What the task requires » The expected output is exactly the lines below, starting at the line with "30 かいわれ Radish sprouts 萝卜苗" and ending at the line with "Godine 2010. vršeni", both included; no other line belongs in it.

Supplied entries »
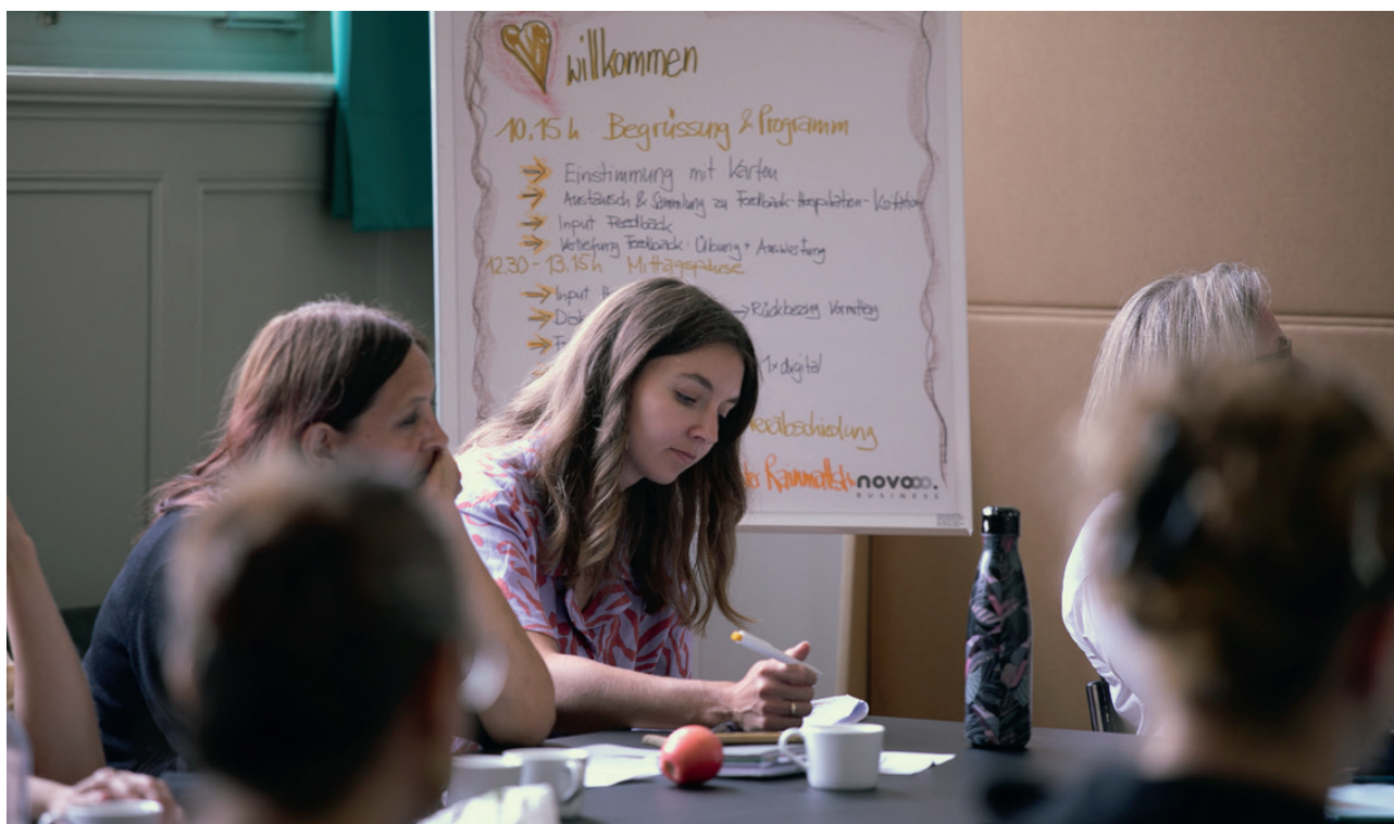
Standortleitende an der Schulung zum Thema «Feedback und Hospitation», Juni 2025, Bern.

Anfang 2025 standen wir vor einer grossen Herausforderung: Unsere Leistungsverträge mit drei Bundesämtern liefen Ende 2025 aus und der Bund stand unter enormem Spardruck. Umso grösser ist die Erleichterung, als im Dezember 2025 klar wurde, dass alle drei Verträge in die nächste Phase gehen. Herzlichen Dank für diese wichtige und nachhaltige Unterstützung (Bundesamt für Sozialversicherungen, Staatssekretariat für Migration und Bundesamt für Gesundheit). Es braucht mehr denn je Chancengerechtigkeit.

* * *

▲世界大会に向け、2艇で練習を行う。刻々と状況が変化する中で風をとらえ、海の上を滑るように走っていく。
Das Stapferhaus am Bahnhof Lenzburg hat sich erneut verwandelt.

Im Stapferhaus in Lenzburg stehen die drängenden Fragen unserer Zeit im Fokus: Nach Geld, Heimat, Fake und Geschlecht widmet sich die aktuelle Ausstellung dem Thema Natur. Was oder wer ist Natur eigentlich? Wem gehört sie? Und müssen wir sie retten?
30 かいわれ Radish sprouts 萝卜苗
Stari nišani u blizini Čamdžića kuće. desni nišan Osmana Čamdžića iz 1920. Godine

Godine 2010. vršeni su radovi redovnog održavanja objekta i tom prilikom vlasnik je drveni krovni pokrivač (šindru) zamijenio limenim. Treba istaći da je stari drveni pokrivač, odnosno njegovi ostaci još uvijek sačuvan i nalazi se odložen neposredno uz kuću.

--

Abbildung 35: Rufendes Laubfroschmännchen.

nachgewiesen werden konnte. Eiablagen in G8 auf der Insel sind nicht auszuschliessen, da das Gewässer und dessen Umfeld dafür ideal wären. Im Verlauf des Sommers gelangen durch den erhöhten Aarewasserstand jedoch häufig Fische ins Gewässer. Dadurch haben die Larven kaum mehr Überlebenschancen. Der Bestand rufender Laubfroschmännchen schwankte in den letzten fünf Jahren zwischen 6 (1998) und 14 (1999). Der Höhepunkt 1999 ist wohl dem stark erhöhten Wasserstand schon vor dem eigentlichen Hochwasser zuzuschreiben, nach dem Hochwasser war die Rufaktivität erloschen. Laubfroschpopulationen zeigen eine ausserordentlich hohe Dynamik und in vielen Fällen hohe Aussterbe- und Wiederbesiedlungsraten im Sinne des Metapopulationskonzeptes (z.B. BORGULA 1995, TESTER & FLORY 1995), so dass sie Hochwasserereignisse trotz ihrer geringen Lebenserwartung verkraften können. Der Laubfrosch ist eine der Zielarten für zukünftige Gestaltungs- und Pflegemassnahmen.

Answer below »
30 かいわれ Radish sprouts 萝卜苗
Stari nišani u blizini Čamdžića kuće. desni nišan Osmana Čamdžića iz 1920. Godine

Godine 2010. vršeni su radovi redovnog održavanja objekta i tom prilikom vlasnik je drveni krovni pokrivač (šindru) zamijenio limenim. Treba istaći da je stari drveni pokrivač, odnosno njegovi ostaci još uvijek sačuvan i nalazi se odložen neposredno uz kuću.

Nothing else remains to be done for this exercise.